[Records from a data collection]

•••••

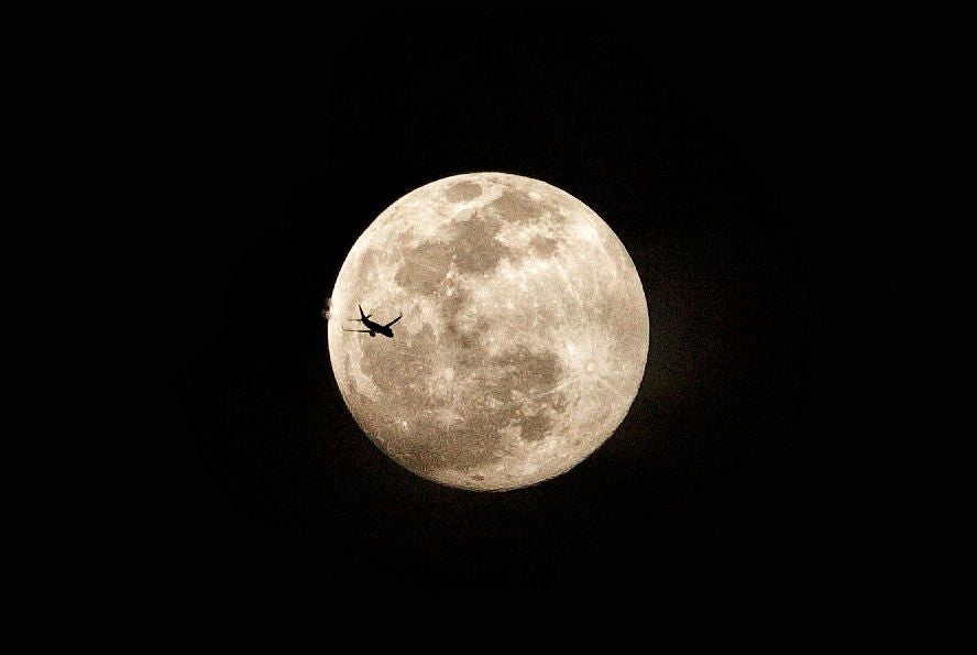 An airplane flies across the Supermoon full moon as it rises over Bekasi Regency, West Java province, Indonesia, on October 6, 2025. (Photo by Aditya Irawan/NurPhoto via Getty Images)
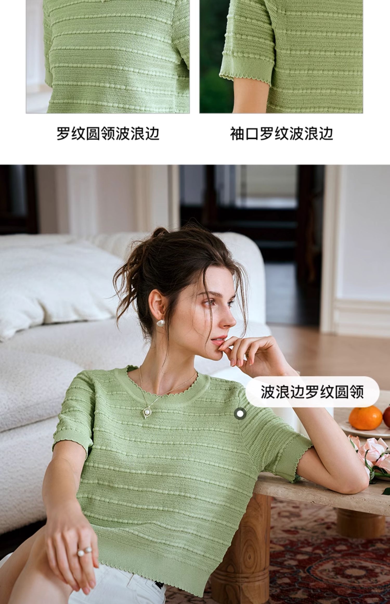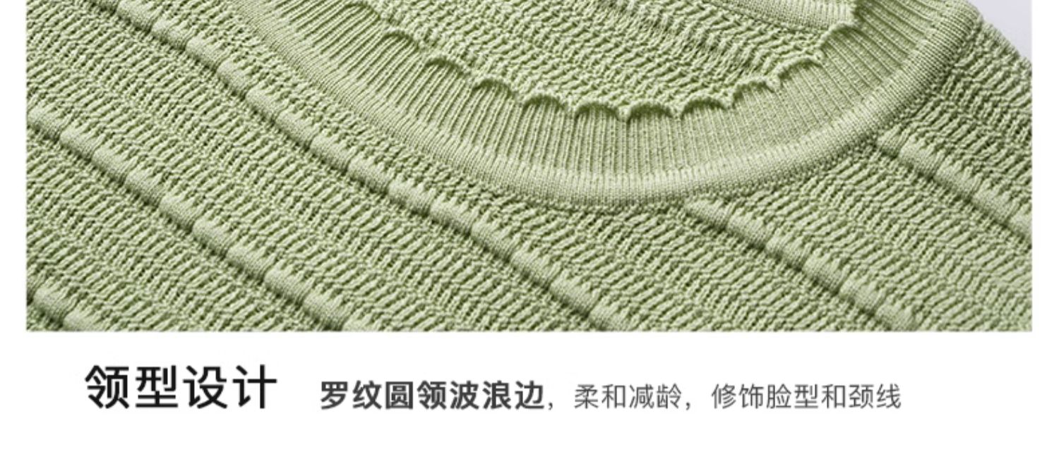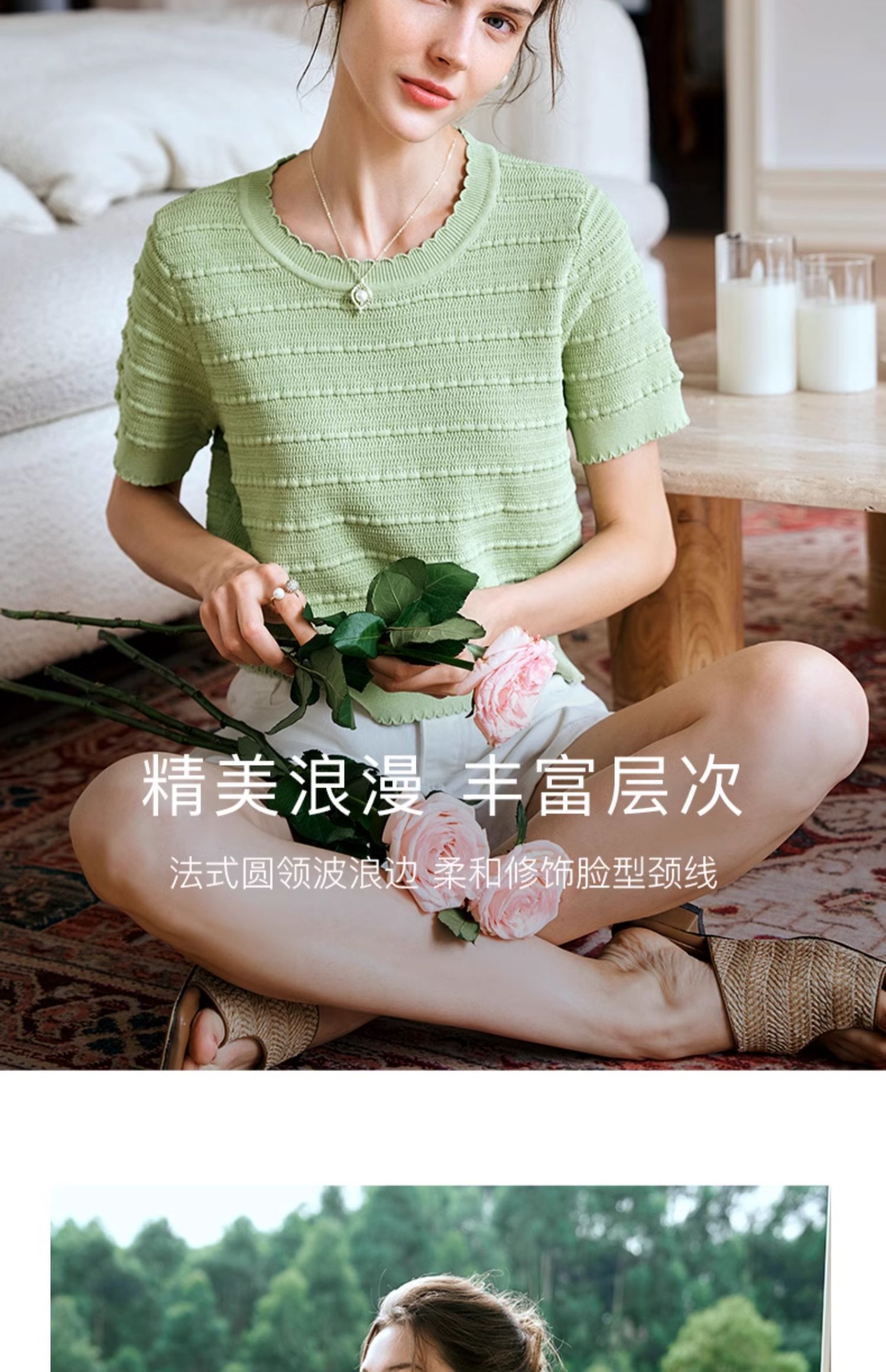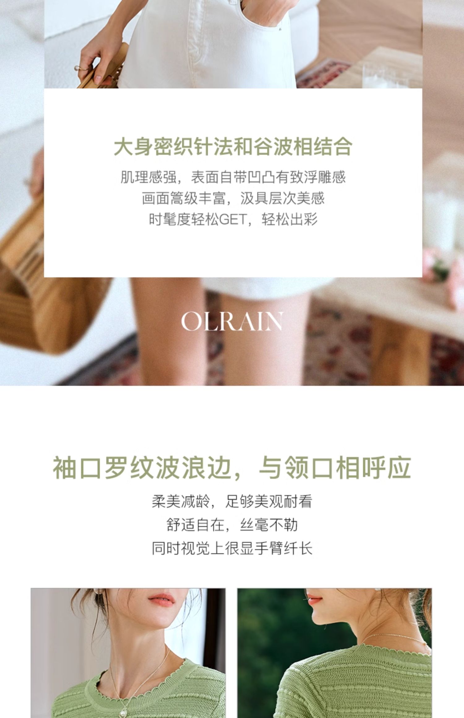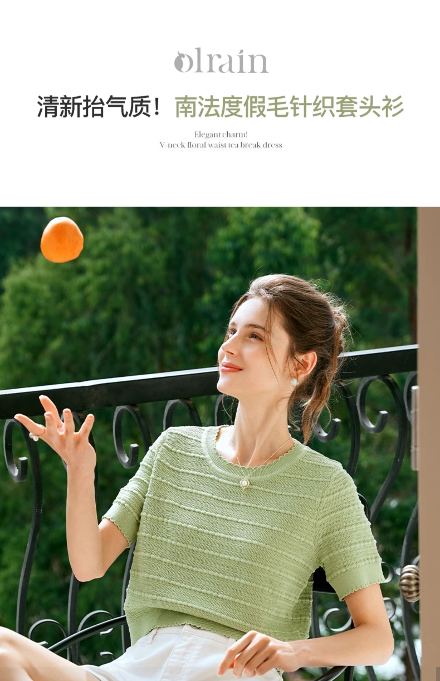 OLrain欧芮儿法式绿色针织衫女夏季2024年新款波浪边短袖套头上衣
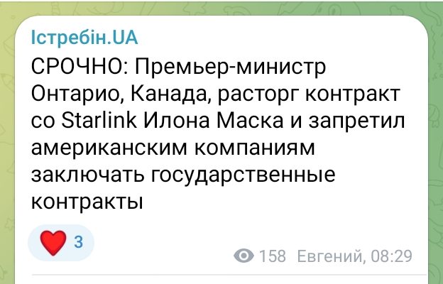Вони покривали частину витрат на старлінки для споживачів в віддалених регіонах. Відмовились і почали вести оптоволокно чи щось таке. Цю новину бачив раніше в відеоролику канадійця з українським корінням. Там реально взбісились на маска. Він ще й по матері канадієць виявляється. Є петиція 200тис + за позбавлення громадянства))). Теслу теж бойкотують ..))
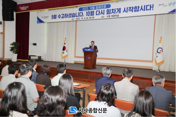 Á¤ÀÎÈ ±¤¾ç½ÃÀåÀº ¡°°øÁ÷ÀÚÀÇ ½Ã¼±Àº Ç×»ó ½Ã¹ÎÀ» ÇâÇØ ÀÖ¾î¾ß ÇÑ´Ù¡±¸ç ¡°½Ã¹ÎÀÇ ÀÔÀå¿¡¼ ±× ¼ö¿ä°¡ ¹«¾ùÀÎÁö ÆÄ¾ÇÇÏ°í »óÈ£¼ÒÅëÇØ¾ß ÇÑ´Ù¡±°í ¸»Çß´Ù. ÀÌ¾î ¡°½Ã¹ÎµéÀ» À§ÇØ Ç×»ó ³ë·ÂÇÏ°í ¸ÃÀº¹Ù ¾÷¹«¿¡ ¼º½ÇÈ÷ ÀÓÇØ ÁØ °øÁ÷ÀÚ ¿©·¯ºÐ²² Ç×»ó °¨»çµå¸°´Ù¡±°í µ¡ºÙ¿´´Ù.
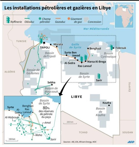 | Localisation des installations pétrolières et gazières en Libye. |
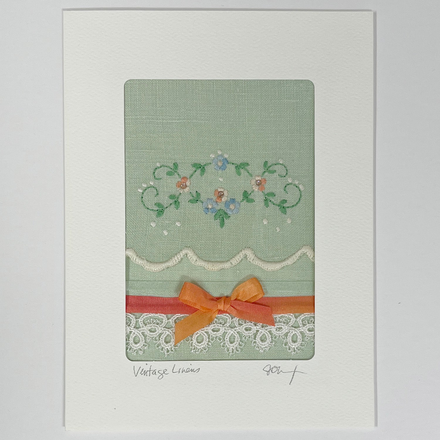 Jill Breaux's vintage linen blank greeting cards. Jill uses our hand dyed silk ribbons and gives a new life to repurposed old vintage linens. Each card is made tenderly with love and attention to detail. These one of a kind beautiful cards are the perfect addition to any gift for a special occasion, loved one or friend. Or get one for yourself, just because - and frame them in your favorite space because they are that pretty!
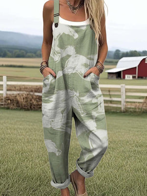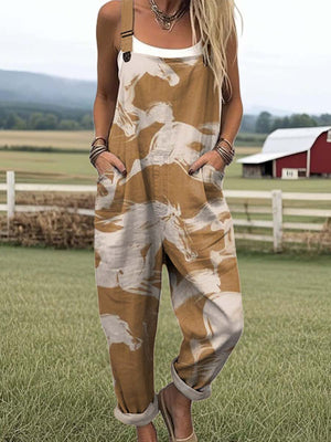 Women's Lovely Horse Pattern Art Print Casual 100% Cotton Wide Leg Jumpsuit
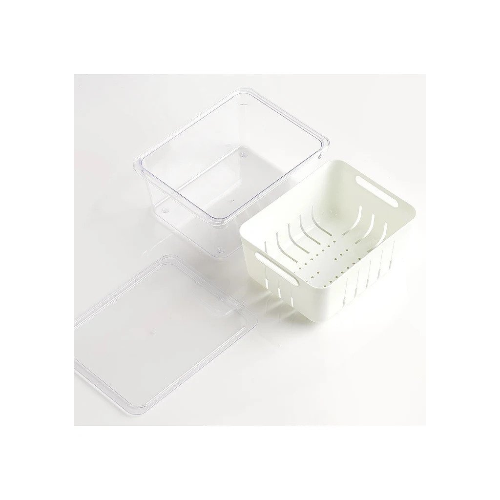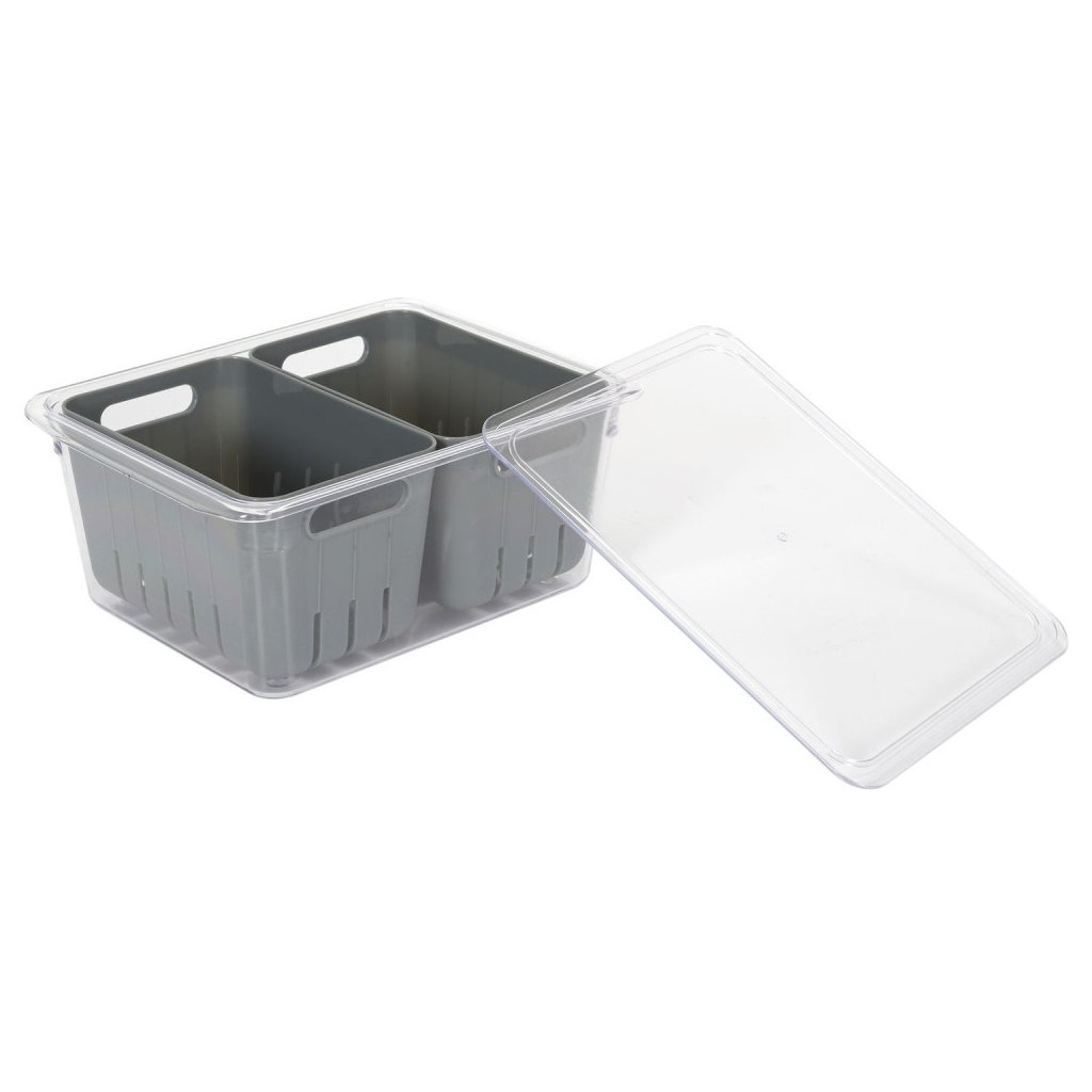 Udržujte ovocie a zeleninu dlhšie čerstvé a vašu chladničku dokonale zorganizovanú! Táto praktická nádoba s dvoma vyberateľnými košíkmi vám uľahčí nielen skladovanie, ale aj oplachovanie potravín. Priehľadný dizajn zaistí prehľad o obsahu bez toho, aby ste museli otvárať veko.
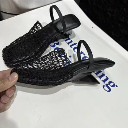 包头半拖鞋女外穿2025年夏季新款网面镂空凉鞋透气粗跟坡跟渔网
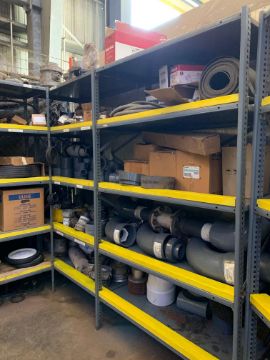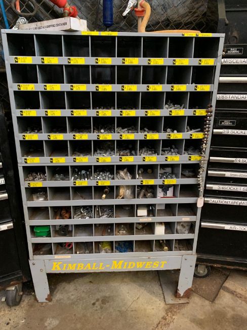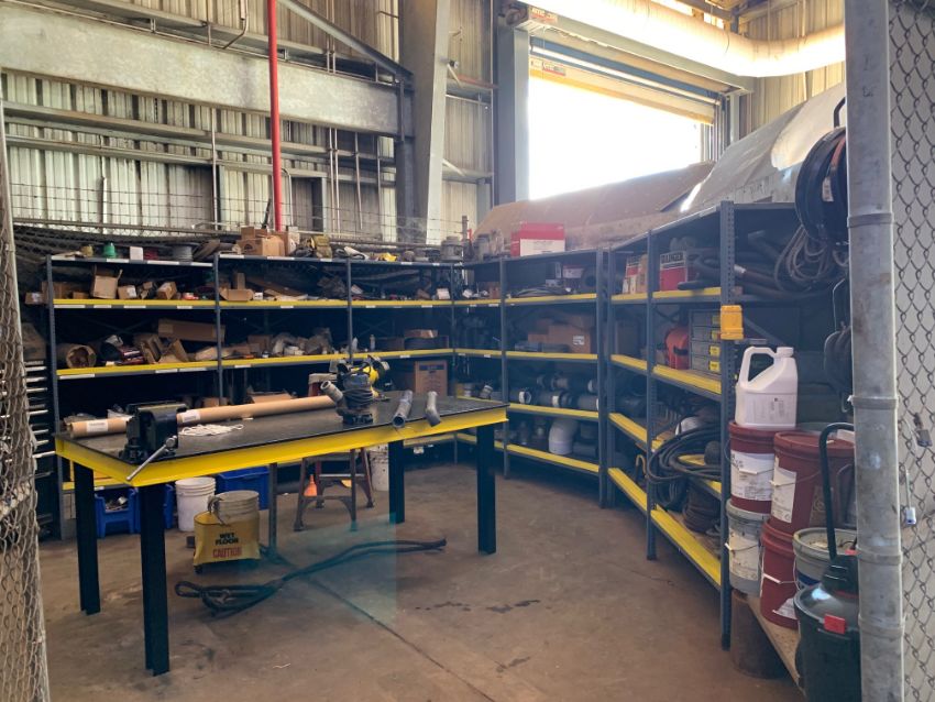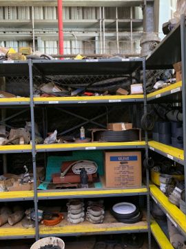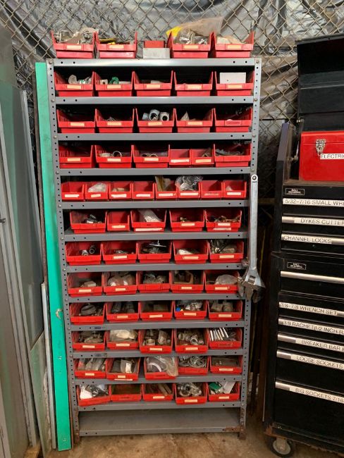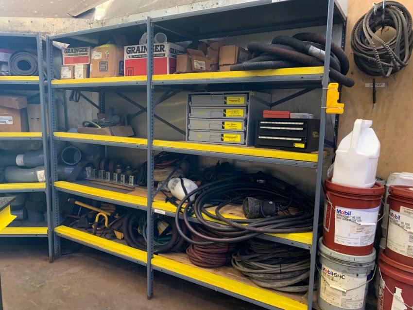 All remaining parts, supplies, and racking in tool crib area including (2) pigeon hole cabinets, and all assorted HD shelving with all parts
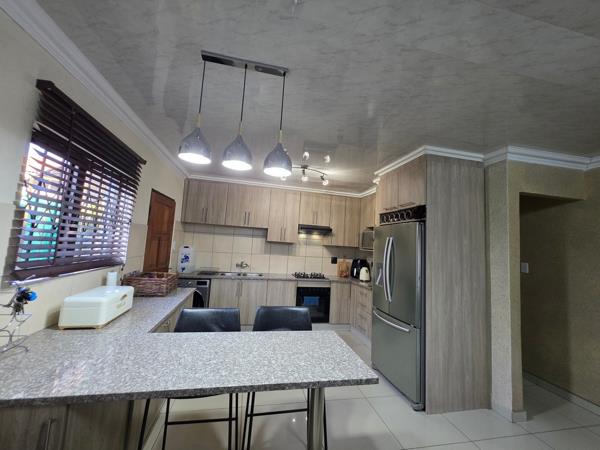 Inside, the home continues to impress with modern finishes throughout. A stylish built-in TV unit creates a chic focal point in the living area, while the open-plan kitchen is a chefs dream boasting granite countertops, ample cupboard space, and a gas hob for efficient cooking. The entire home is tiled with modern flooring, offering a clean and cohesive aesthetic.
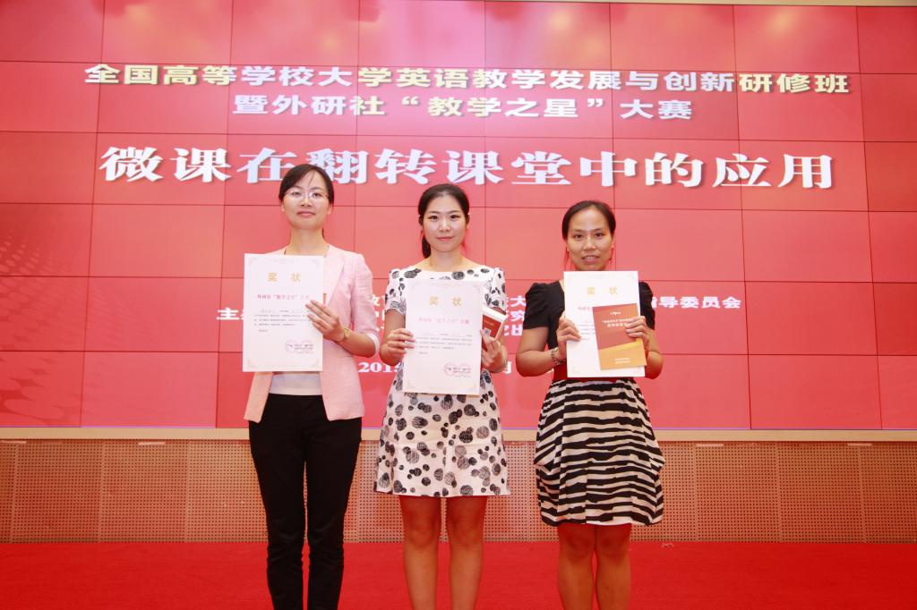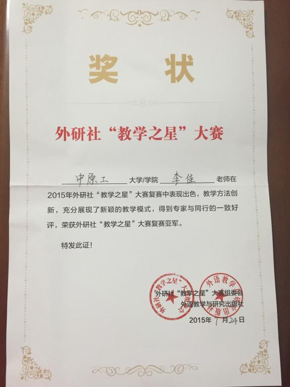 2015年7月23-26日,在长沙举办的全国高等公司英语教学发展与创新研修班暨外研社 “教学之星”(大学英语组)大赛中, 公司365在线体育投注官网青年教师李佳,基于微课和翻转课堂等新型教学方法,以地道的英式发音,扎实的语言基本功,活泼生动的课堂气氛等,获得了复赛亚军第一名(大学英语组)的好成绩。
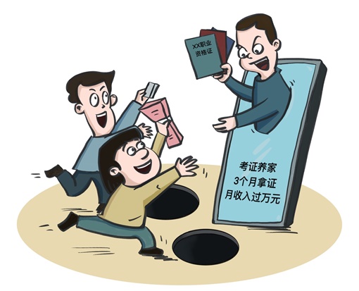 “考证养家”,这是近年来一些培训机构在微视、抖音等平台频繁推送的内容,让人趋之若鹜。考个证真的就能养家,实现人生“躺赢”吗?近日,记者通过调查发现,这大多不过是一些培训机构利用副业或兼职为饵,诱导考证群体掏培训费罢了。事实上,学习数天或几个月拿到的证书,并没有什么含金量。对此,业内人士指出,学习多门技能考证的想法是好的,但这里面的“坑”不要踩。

•••••

▶ _WHAT YOU HAVE TO DO_: Output, line for line and exactly, the records above from their first line through the one with "OLrain欧芮儿法式绿色针织衫女夏季2024年新款波浪边短袖套头上衣", both ends included, but no pictures.

▶ _ANSWER FOR THE TASK_:
 An airplane flies across the Supermoon full moon as it rises over Bekasi Regency, West Java province, Indonesia, on October 6, 2025. (Photo by Aditya Irawan/NurPhoto via Getty Images)
 OLrain欧芮儿法式绿色针织衫女夏季2024年新款波浪边短袖套头上衣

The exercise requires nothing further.